If a borrower sells personal property in order to raise money for down payment, and the underwriter questions whether the value of the items sold is realistic, the underwriter may:
- Deny the loan until another source of down payment can be identified
- Take the item in trade for cash value
- Have an appraisal done on the item, or ask for further documentation
- Add the value in question to the loan amount if further documentation cannot be provided
The answer is have an appraisal done on the item, or ask for further documentation. The underwriter will ask to see documentation if the value of personal property being sold is called into question. This may include an appraisal of the property, and/or some further documentation.
The APR factors in the effects of all of the following expenses, except:
- Hazard insurance premium
- Processing fee
- Origination fee
- Mortgage insurance premium
The answer is hazard insurance premium. The annual percentage rate (APR) represents the relationship of the total finance charge to the total amount financed, as a yearly rate. It is not the same as the nominal rate (i.e., the interest rate shown in the note), as it includes all finance charges, not just interest. Among other charges, finance charges include points, loan fees, and mortgage insurance premiums, but not hazard insurance premiums.
The “Confirm Receipt” box on the Loan Estimate informs the consumer that:
- He or she is now obligated to proceed with the loan transaction
- He or she has agreed to all costs and terms stated in the disclosure
- He or she is not obligated to accept a loan simply because he or she has signed or received the disclosure
- He or she may face legal action for failure to pay fees due at the time of receiving the Loan Estimate
The answer is he or she is not obligated to accept a loan simply because he or she has signed or received the disclosure. The “Confirm Receipt” box on the Loan Estimate informs the consumer that he or she is not obligated to accept a loan simply because he or she has signed or received the disclosure.
Stan is a loan processor who works closely with Heidi, who is a licensed loan originator. Both are employed by a state-licensed mortgage broker. While Heidi was out of the office, one of her clients called to ask whether it would be better to apply for an ARM or a fixed-rate loan. How should Stan respond?

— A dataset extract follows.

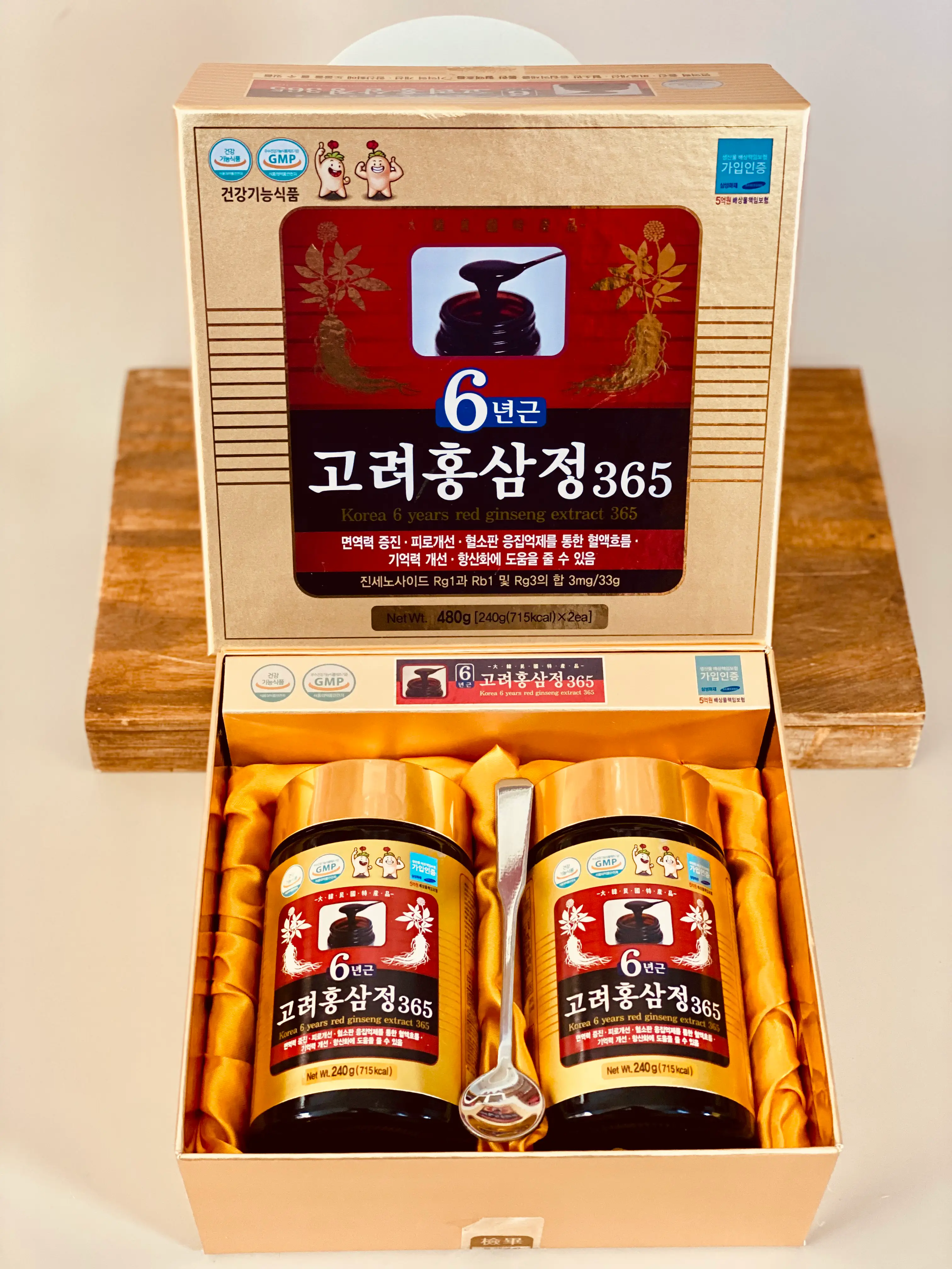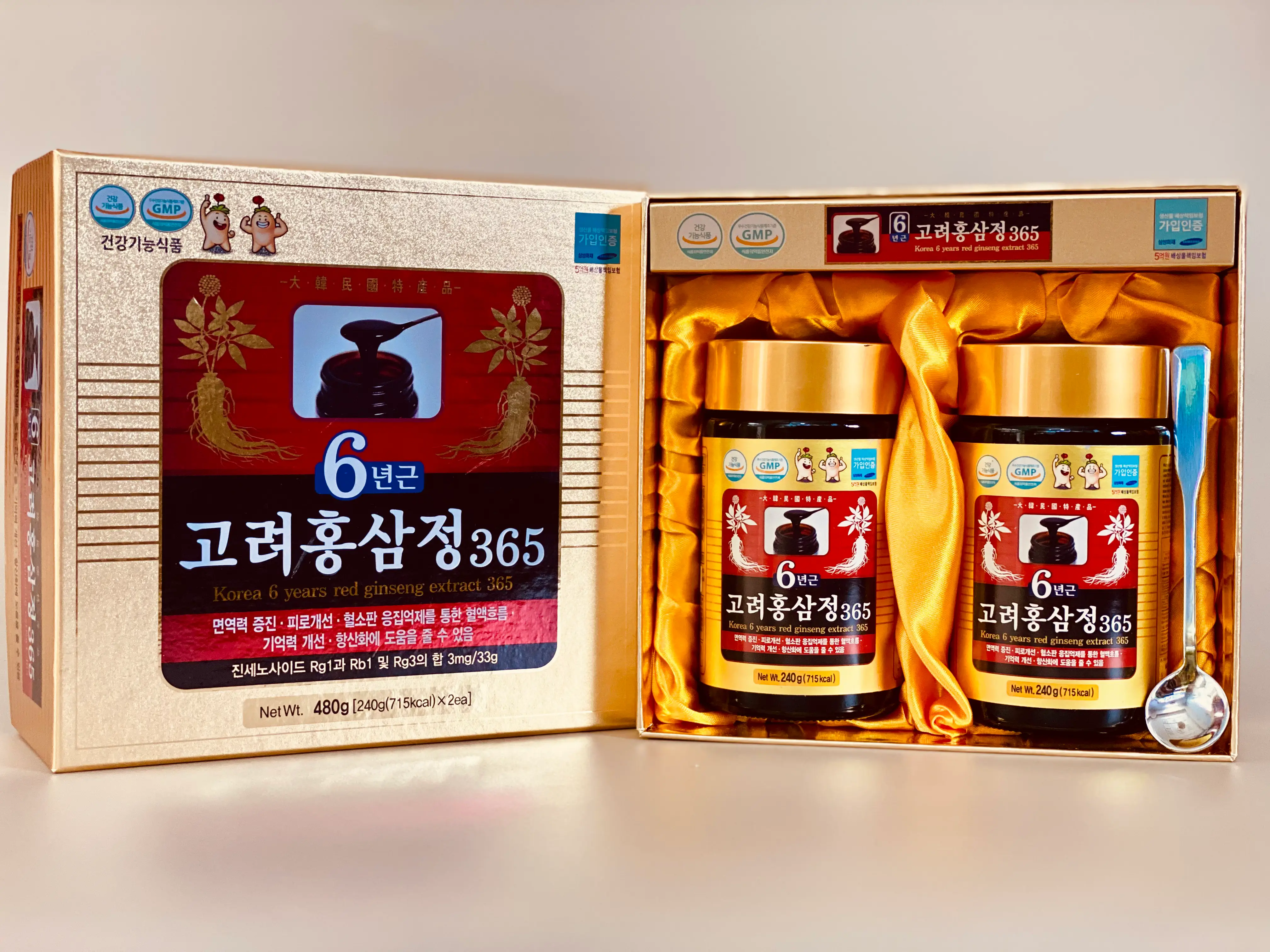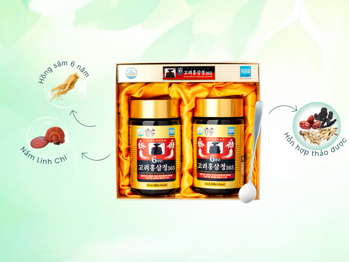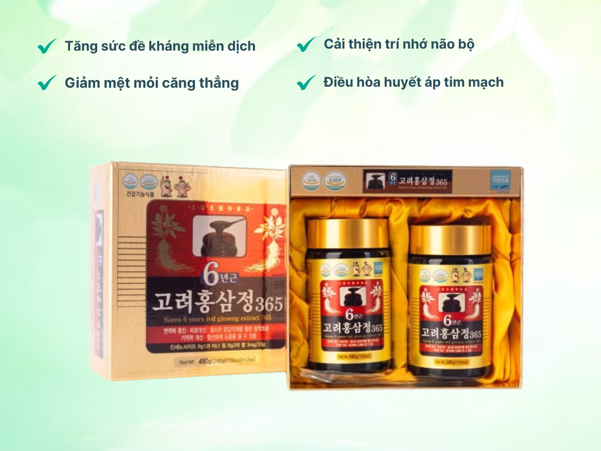 Cao hồng sâm 365 Red Ginseng Extract 2 lọ 240g là sản phẩm được tinh chế từ hồng sâm Hàn Quốc 6 năm tuổi kết hợp cùng thảo dược quý, giàu ginsenoside và dưỡng chất bồi bổ sức khỏe. Sản phẩm giúp tăng cường miễn dịch, giảm mệt mỏi, cải thiện tuần hoàn máu và trí nhớ, phù hợp cho người trưởng thành và người cao tuổi. Được phân phối chính hãng bởi Vitamax.vn – đơn vị uy tín trong lĩnh vực thực phẩm bổ trợ sức khỏe, đây là lựa chọn lý tưởng để chăm sóc bản thân và làm quà tặng sức khỏe cho người thân.

- He should advise the client that he cannot discuss loan terms, but will have Heidi return the call
- He should only respond to the client’s question if the transaction is for a home purchase and the client needs to expedite loan approval to purchase the home
- He should refer the client to the Settlement Cost Booklet
- He should not take the call since the law prohibits him from communicating directly with consumers
The answer is he should advise the client that he cannot discuss loan terms, but will have Heidi return the call. Stan is a loan processor, and therefore, he is not a licensed mortgage loan originator. He should advise the client that he cannot discuss loan terms, but will have Heidi return the call.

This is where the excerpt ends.